O Louco no Tarô Clássico
      Um detalhe importante dessa figura é o cão, tradicionalmente associado a caçadores, a exploradores. Nessa condição, os cães sempre caminham à frente do caçador e, como tal, são muito importantes na chamada arte cinegética, uma das cinco artes que o centauro Kiron ensinava aos seus discípulos, futuros heróis. Na figura de que tratamos, o cão não vai à frente, pelo contrário parece andar à volta do personagem, atrás.

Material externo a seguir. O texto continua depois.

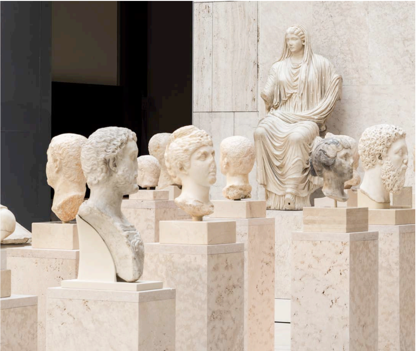
Fig. 3. Sala 20. «La imagen del Estado».

Esta unidad expositiva reúne retratos y esculturas del emperador y de su familia que allí se erigen, pues el Foro es el espacio urbano donde se despliega especialmente el lenguaje propagandístico y legitimador del poder. Las imágenes del emperador y de los miembros de su familia, multiplicadas por todo el territorio hispano, afirman el poder central y omnipresente del Estado.

    Nos mitos, os cães, simbolicamente, são indicadores de trilhas, de caminhos, andam à frente do caçador (o eu que virá). É neste sentido que deve ser entendida uma antiqüíssima tradição dos povos indo-europeus, a do sacrifício desse animal aos mortos, a fim de que lhes fosse servir de guia no outro mundo. É neste sentido também que devemos entender a posição desse animal em vários mitos e na astrologia:
por exemplo, a estrela Sirius, que anuncia a plenitude do verão, estrela da constelação do Cão Maior, que faz a ligação entre as constelações zodiacais de Câncer e Leão.
    Ora, o cão neste arcano não nos permite pressupor que sua função seja a de guiar, de orientar, de indicar caminhos. Brincalhão e lépido, saltitante, parece simbolizar muito mais a dispersão, a desconcentração, ou seja, a grande dificuldade que o ser humano tem em fixar a sua mente, a atividade do seu pensamento, a dificuldade em organizar, enfim, o conjunto dos seus processos cognitivos e as atividades psicológicas que lhes são correlatas. Uma fórmula alquímica talvez traduza muito melhor o que acabamos de colocar, solve et coagula, ou seja, a alternância entre a conquista e a perda da forma na caminhada existencial.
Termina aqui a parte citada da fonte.